This guide is to help student organizations preserve and organize their records or prepare them for donation to the University Archives.

What to Keep

When deciding what is important to keep, think about the purpose of the item.

  • Does the item provide context to your organizations creation or contributions to the SU community?
  • Would this item be of interest to future organization members, students or researchers?
  • Does this item relate to other materials in your collection?

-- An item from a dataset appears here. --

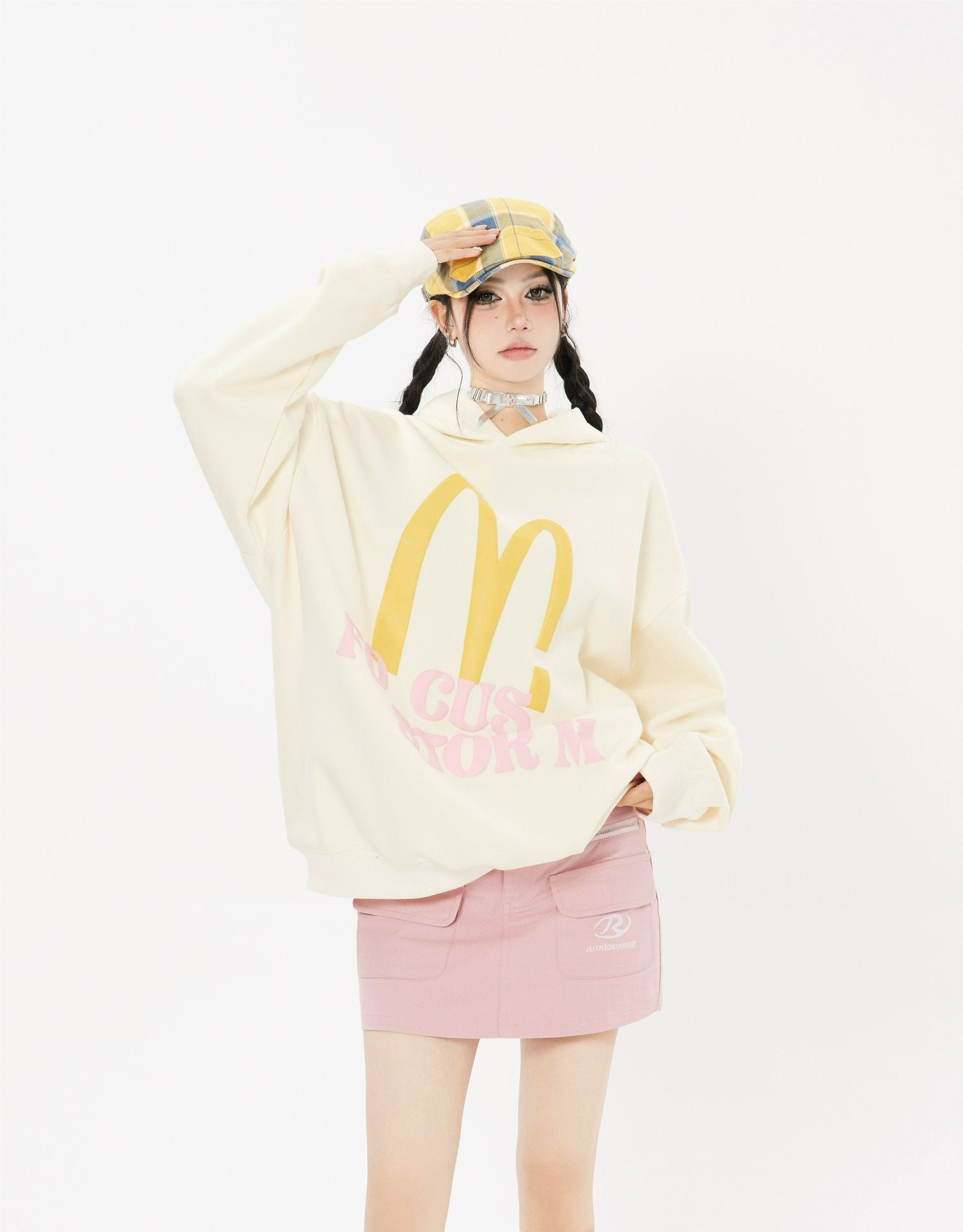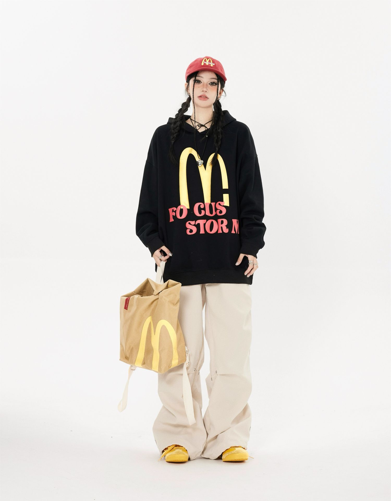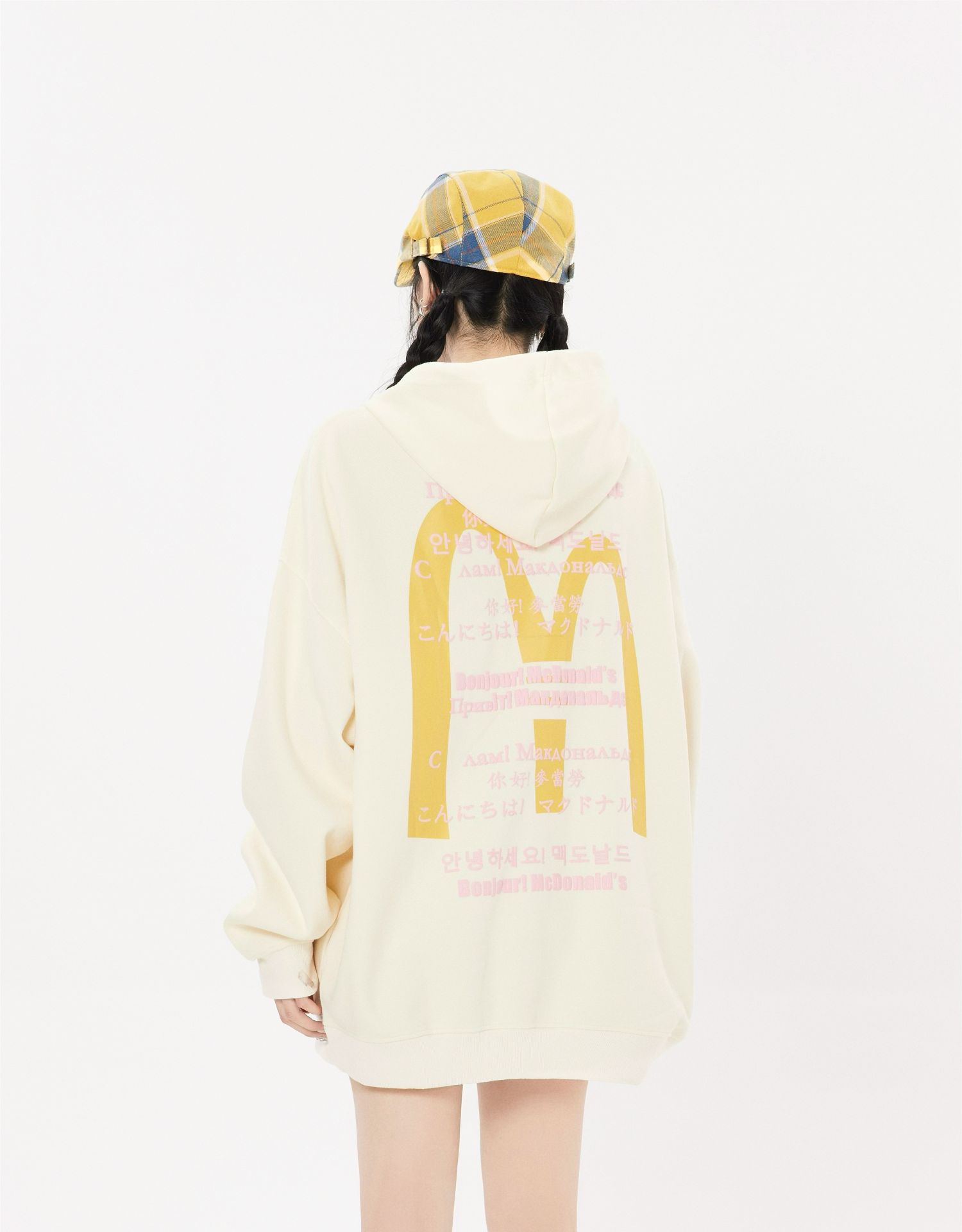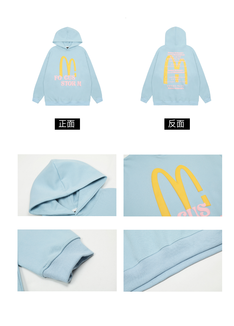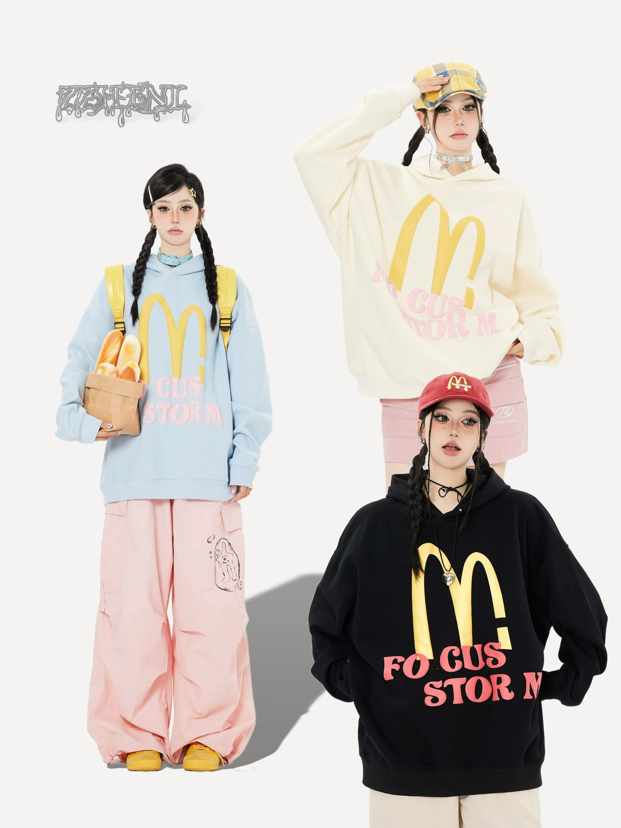 珍珍很懶 原創麥當勞M字母印花連帽運動衫男女春秋美式重磅寬鬆外套

The following are common records that you should preserve in your collection:

  • charters and founding documents
  • bylaws
  • organizational histories
  • photographs or audiovisual recordings of the group, members, events, meetings, tournaments
  • budgets or handbooks
  • committee reports
  • general meeting notes or minutes
  • resolutions
  • member or officer rosters
  • website
  • flyers or posters
  • programming

What to Toss

Items you don't need to keep in your collection are:

  • artifacts like trophies or award plaques
  • financial items such as receipts and bank statements
  • more than 2 copies of publications

Organization

  • Try to include as much information as possible. While you may know the members of your organization, future members may not. 
    • Information to add - full names, dates, locations and descriptions of event
  • Keep your records in a single place. Designate a secretary or historian to gather materials, store it and pass it on to a successor as appropriate.
  • Remember to think about any non-physical items as well - digital records, photographs, videos.

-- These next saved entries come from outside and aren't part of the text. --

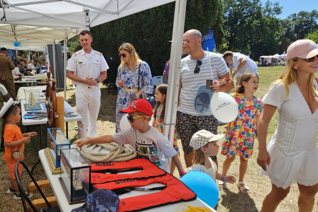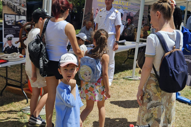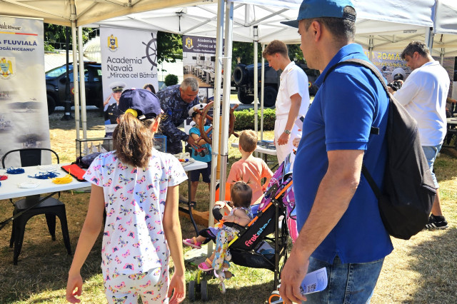 Sute de copii au vizitat standurile Forțelor Navale Române și au interacționat cu marinarii militari, au învățat să facă noduri marinărești și au avut ocazia de a privi îndeaproape machetele de nave, timona, hărțile de navigație, colacele de salvare și toate echipamentele specifice.
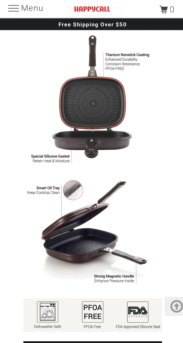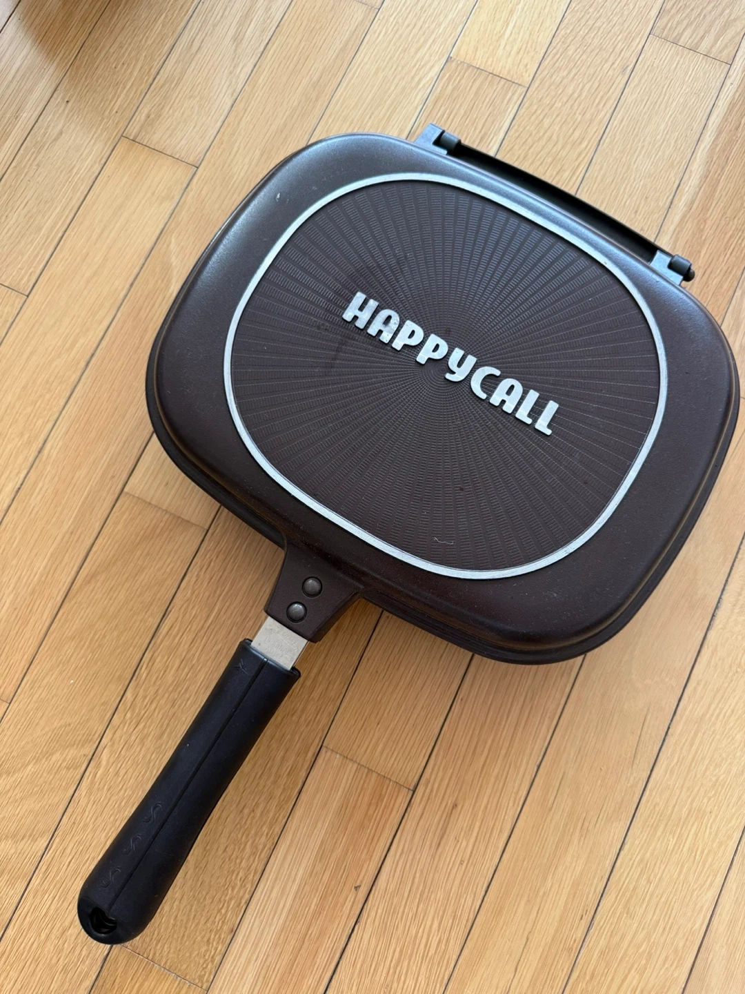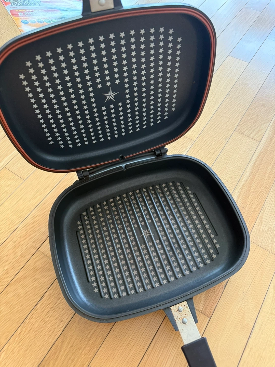 Selling a Happycall Titanium Double Pan Jumbo Grill. It features a titanium nonstick coating for enhanced durability and corrosion resistance. It also has a special silicone gasket to retain heat and moisture, and a smart oil tray to keep your cooktop clean. The strong magnetic handle enhances pressure inside. It's also PFOA-free and dishwasher safe! -It has been used lightly for grilling fish
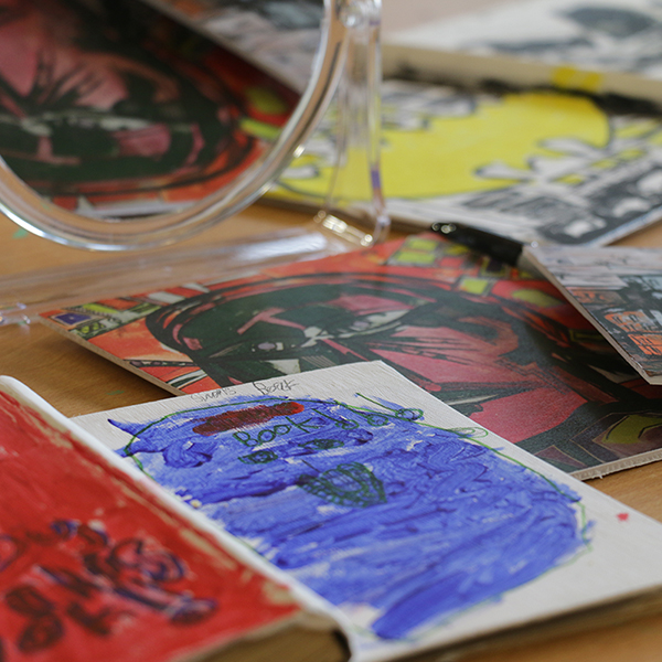 For our ‘After Adoption’ sessions aimed at families, Creative Director Emily Phillips had taken her inspiration from book covers Ribeiro had designed. An array of carefully-selected vintage books were provided to spark dialogue between parents – who would perhaps be enticed down memory lane - with children who were given the choice to pick out books that were a mark of their individuality. One boy had taken lines from a Shakespeare play, revealing his interest in the theatre. Several chose to do self-portraits. A family of five found they had hidden artistic talent.
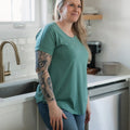 Relaxed fit, shoulder-less arm, chest pocket and contoured hem are just a few reasons why this shirt is so beloved! It's perfect all year round with shorts, jeans, leggings...whatever!
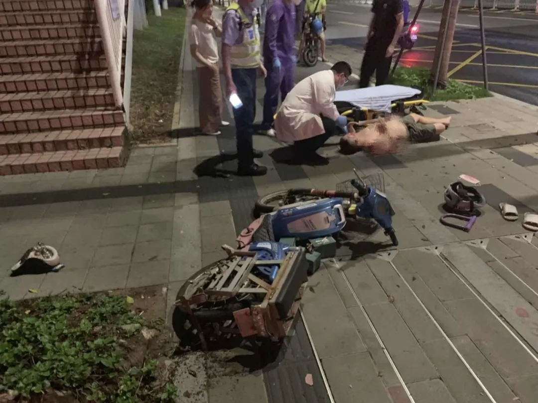 該男子上半身裸露橫躺在人行道上,而且臉上、身上多處擦傷,右眼淤青紅腫,旁邊還有一輛損壞的兩輪電動(dòng)車(chē),坐墊、鎖鏈、頭盔散落一地。
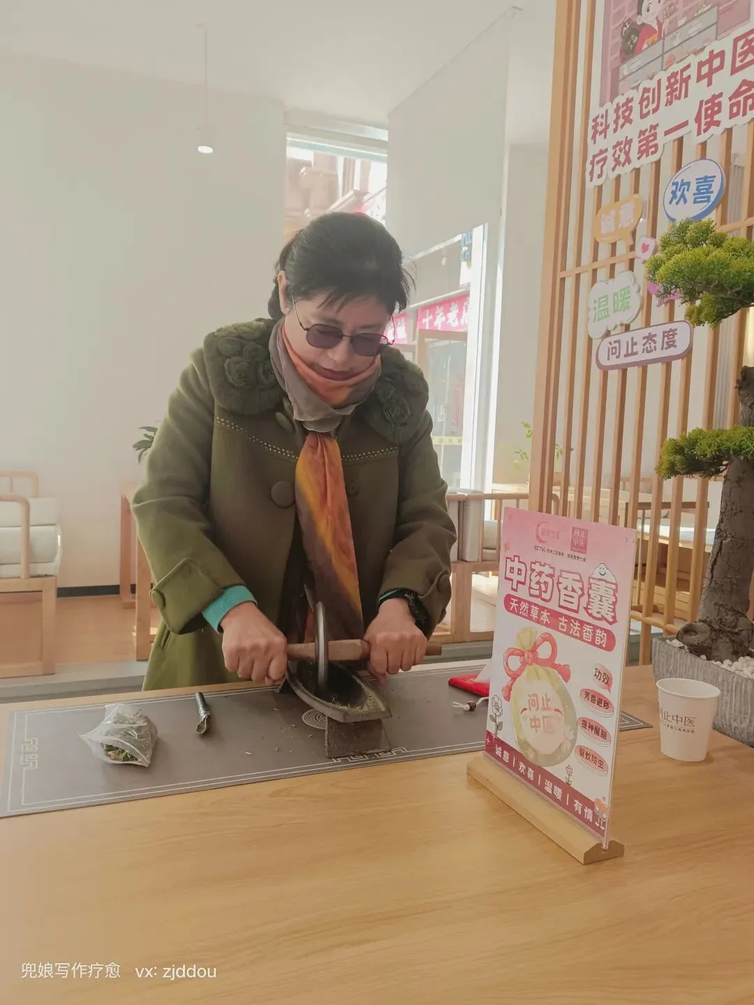 我们亲手体验了古法香囊制作:把天然草本药材放进药碾里,慢慢研磨成细碎的粉末,指尖能摸到草药的肌理,鼻尖萦绕着纯粹的草木香气。
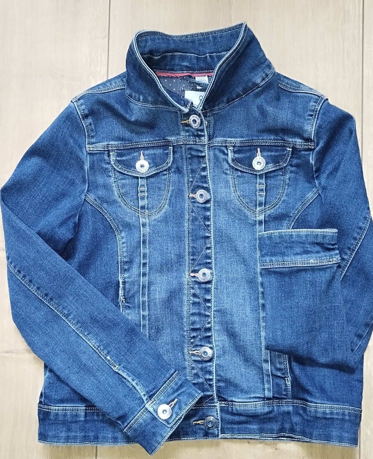 Veľmi pekná rifľová bunda pre dievča, veľkosť 140 / na 10 rokov. Francúzska značka OKAIDI. Bez poškodenia. Cena 8 € + poštovné podľa výberu.

Union of African American Students, 1991

Storage

  • Keep all your items in one place
  • Store physical items in a dry area away from dust, extreme temperature changes, and sunlight when possible. 
    • For example, a box in a closet rather than a grocery bag in a damp basement or hot attic.
  • When possible, keep 2 copies of digital content in separate places in case disaster destroys one. Practice LOCKSS - Lots of Copies Keep Stuff Safe! This could include a copy on an external hard drive and a copy in a Google Drive or Dropbox folder. Remember that digital items can pose software and access problems as well. Don't rely primarily on an SU account as you may not have access to it in the future.

Access

What's the point of collecting and preserving your organization's history if your materials can never be seen by other members? 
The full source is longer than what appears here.